Workaround for the vCenter Server appliance 5.1U1 update delay

The update process from 5.1.x to 5.1 Update 1 contains a serious flaw. The update may take more than 45 minutes, some report more than one hour. VMware even mentions this in their release notes:

Update of vCenter Server Appliance 5.1.x to vCenter Server Appliance 5.1 Update 1 halts at web UI while showing update status as installing updates*
When you attempt to upgrade vCenter Server Appliance 5.1.x to vCenter Server Appliance 5.1 Update 1, the update process halts for nearly an hour and the update status at Web UI shows as installing updates.

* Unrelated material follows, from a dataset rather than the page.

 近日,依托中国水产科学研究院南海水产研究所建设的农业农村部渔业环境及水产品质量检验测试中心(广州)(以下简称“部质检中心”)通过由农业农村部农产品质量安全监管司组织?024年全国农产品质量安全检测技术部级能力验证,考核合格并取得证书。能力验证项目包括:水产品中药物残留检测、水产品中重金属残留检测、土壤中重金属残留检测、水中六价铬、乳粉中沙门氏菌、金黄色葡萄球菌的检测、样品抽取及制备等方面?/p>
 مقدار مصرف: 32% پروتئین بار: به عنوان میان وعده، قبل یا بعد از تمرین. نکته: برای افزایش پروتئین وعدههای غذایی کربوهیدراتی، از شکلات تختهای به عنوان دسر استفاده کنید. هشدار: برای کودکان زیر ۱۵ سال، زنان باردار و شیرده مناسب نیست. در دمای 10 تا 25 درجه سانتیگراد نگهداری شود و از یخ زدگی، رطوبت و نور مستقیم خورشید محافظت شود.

However, eventually, the update completes successfully after an hour.

Workaround: None.
(http://www.vmware.com/support/vsphere5/doc/vsphere-vcenter-server-51u1-release-notes.html)

The generic update documentation KB article 2031331 “Updating vCenter Server Appliance 5.x” mentions even longer durations:

The update process can take approximately 90 to 120 minutes. Do not reboot until the update is complete.
(http://kb.vmware.com/kb/2031331)

Well, there is a workaround, even a very simple one:

  • log in to the appliance via SSH as root
  • execute “rm /usr/lib64/.lib*.hmac”
  • perform the update using the web UI

The update will take only a few minutes, in my case less than 10. The appliance needs to be rebooted and runs fine afterwards. Don’t worry about these files, they will be deleted during the update anyway.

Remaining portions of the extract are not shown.